9. Presence of any serious or uncontrolled illness including, but not limited to:
uncontrolled diabetes, ongoing or active infection, symptomatic congestive heart
failure unstable angina pectoris, uncontrolled cardiac arrhythmia, uncontrolled
arterial thrombosis, symptomatic pulmonary embolism, and psychiatric illness that
would limit compliance with study requirements or any other conditions that would
preclude the patient from study treatment as per the discretion of the Investigator.

10. Significant cardiovascular history:

- Cardiac ventricular dysfunction inhibiting the patient's ability to receive 4
cycles of doxorubicin.

- History of myocardial infarction or ischemic heart disease within 1 year (within
a window of up to 18 days less than 1 year) before first study drug
administration

- Uncontrolled arrhythmia

- History of congenital QT prolongation

- Electrocardiogram (ECG) findings consistent with active ischemic heart disease

- New York Heart Association Class III or IV cardiac disease;

- Uncontrolled hypertension: blood pressure consistently >150 mm Hg systolic and >
100 mm Hg diastolic in spite of antihypertensive medication

11. History of hemorrhagic diarrhea, inflammatory bowel disease, or active uncontrolled
peptic ulcer disease. (Concomitant therapy with ranitidine or its equivalent and/or
omeprazole or its equivalent is acceptable).

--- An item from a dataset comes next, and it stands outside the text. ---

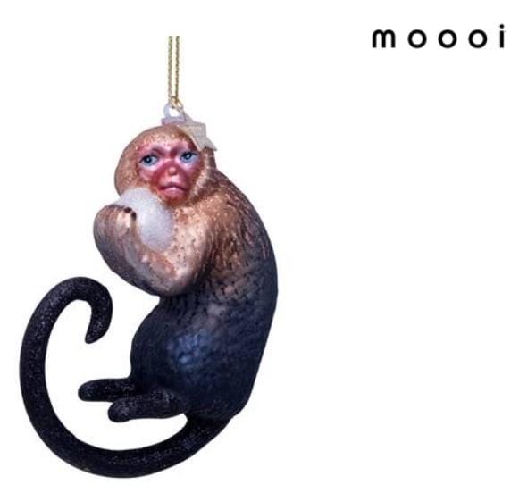 Het Nederlandse meubel-, interieur- en verlichtingsbedrijf Moooi is dit jaar een samenwerkingsverband aangegaan met het Nederlandse kerstballen bedrijf Vondels. Hieruit zijn 6 prachtige ornamenten van uitgestorven dieren voortgekomen. Een van de dieren is de indigo Makaak, die natuurlijk ook al bekend is van het prachtige behang van Moooi!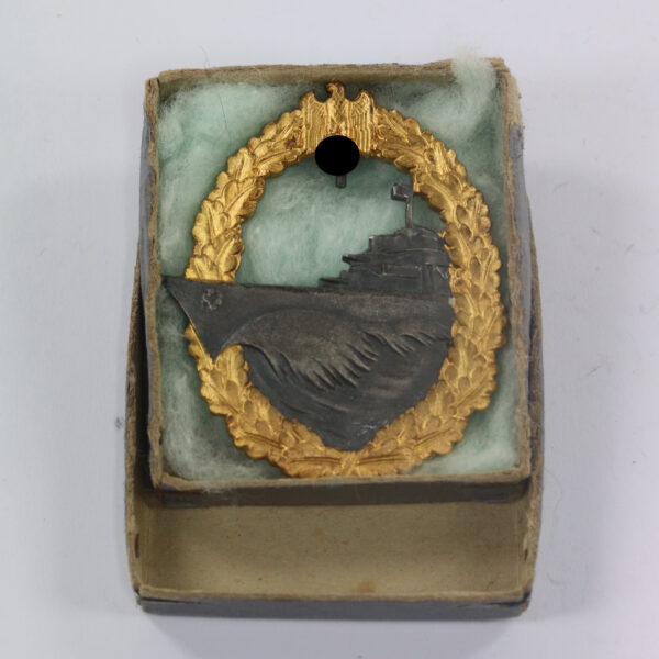 Zerstörer Kriegsabzeichen, Hst. Schwerin Berlin 68, in Verleihungsschatel

History of ileus or other significant
gastrointestinal disorder known to predispose to ileus or chronic bowel hypomotility.

12. Any other active malignancy requiring active therapy.

13. Known human immunodeficiency virus (HIV) seropositivity.

14. Active Hepatitis B virus (HBV) infection which requires antiviral treatment or the
patient has detectable Hepatitis B surface Antigen (HBsAg); hepatitis B surface
antibody (anti-HBs) without detectable HBsAg does not exclude patients from the study.
Hepatitis C infection (Hepatitis C antibody reactive) which requires treatment also
excludes patients from the study.

15. Female patient who is pregnant or lactating.

16. Use of prophylactic antibiotics.

17. Unwilling or unable to comply with procedures required in this protocol.

18. History of allergy to any of the study drugs.